At this point I want to add the nvd-srv-31-vm-1 member back but with the appropriate new ipaddress 10.6.135.245.

sh-5.1# etcdctl member add nvd-srv-31-vm-1 --peer-urls="https://10.6.135.245:2380" Member a4b9266380f688f4 added to cluster f0be7a9595f9ce77 ETCD_NAME="nvd-srv-31-vm-1" ETCD_INITIAL_CLUSTER="nvd-srv-31-vm-2=https://10.6.135.243:2380,nvd-srv-31-vm-3=https://10.6.135.244:2380,nvd-srv-31-vm-1=https://10.6.135.245:2380" ETCD_INITIAL_ADVERTISE_PEER_URLS="https://10.6.135.245:2380" ETCD_INITIAL_CLUSTER_STATE="existing"

We can then use etcdctl again to list all the members out and confirm our node now is listed with the correct ipaddresss.

sh-5.1# etcdctl member list -w table +------------------+---------+-----------------+---------------------------+---------------------------+------------+ | ID | STATUS | NAME | PEER ADDRS | CLIENT ADDRS | IS LEARNER | +------------------+---------+-----------------+---------------------------+---------------------------+------------+ | aad12dcf43e0b21 | started | nvd-srv-31-vm-2 | https://10.6.135.243:2380 | https://10.6.135.243:2379 | false | | 3da9efb85d7b0420 | started | nvd-srv-31-vm-3 | https://10.6.135.244:2380 | https://10.6.135.244:2379 | false | | a4b9266380f688f4 | started | nvd-srv-31-vm-1 | https://10.6.135.245:2380 | https://10.6.135.245:2379 | false | +------------------+---------+-----------------+---------------------------+---------------------------+------------+

Finally we can remove the override unspupported patch.
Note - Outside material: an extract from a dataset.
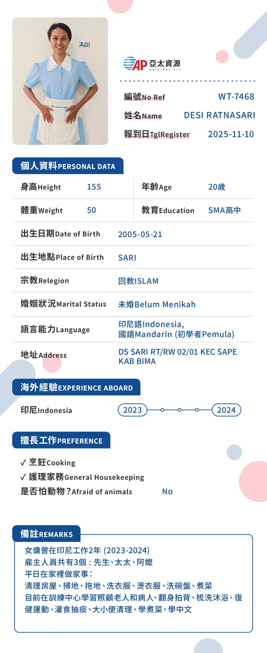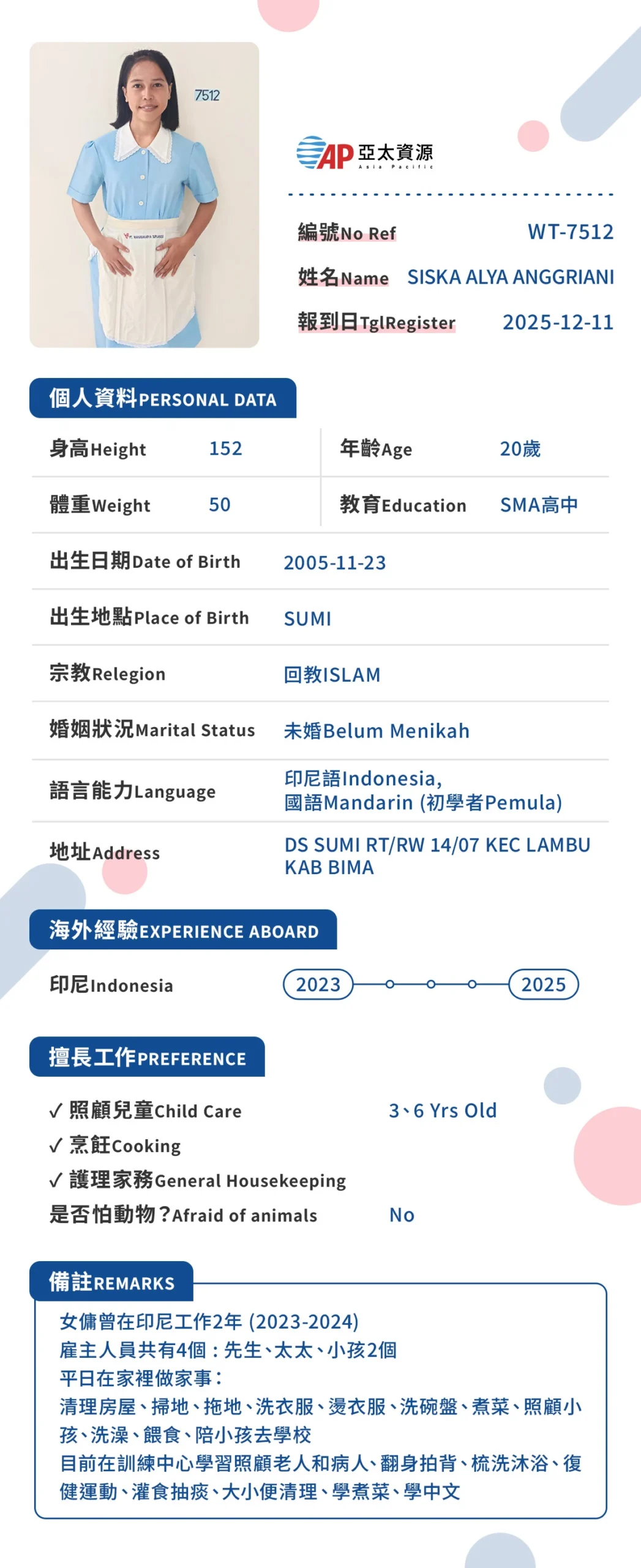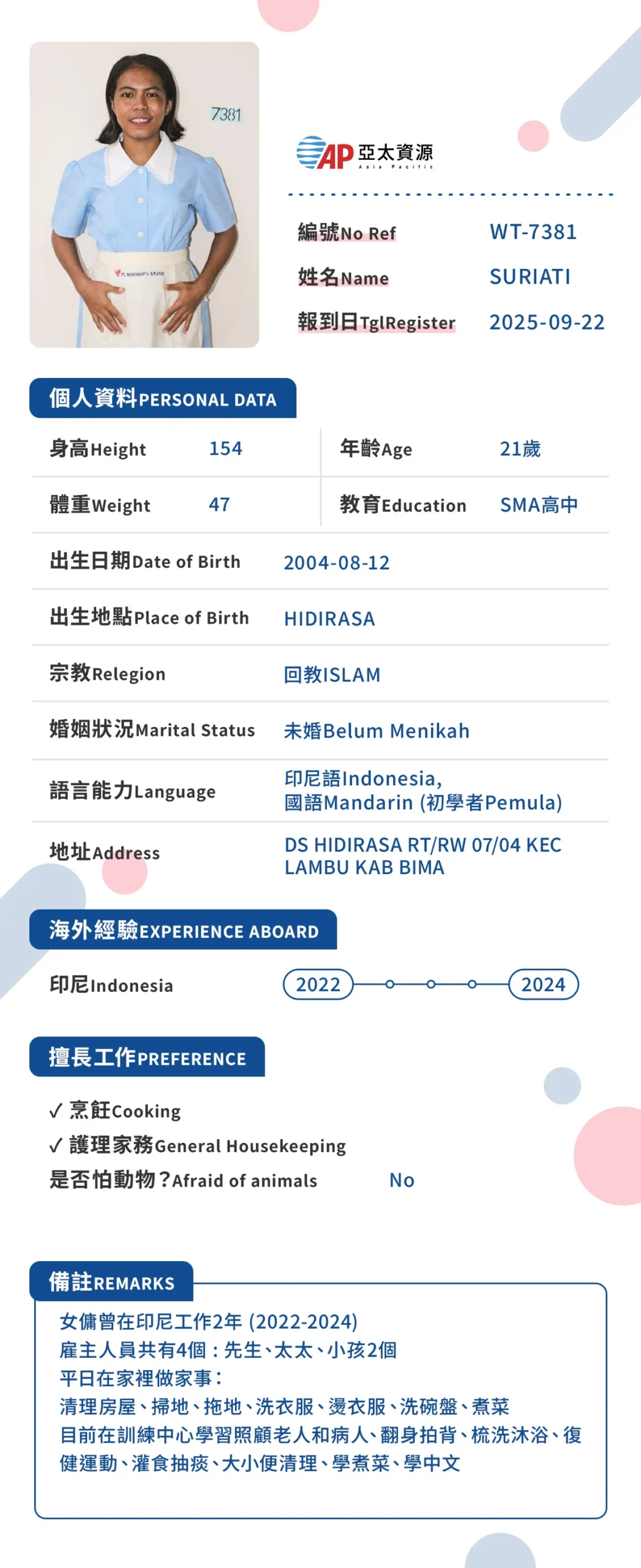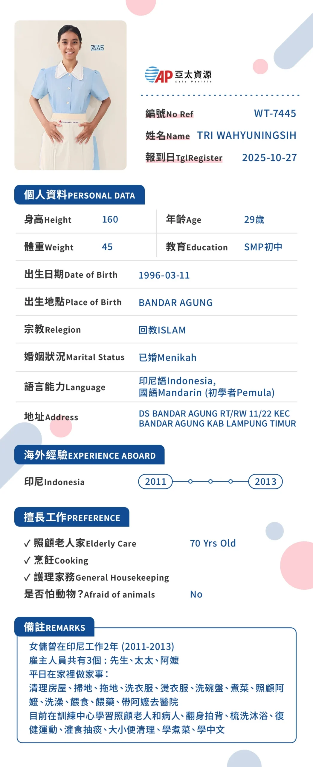 我們相信,給家人最好的照顧,源自於事前的充分準備。透過在印尼當地的嚴格篩選與訓練,亞太不僅為您提供人力,更為您引進一位懂得長輩心聲的專業照護隊友。

$ oc patch etcd/cluster --type=merge -p '{"spec": {"unsupportedConfigOverrides": null }}' etcd.operator.openshift.io/cluster patched

And lastly we can verify the etcd containers are running on the node properly.

$ oc get pods |grep nvd-srv-31-vm-1 |grep etcd etcd-guard-nvd-srv-31-vm-1 1/1 Running 0 85m etcd-nvd-srv-31-vm-1 4/4 Running 0 56m

Hopefully this provide a good level of detail when needing to change the ipaddress on an OpenShift controller. Keep in mind this process shouldn't be used without engaging support from Red Hat.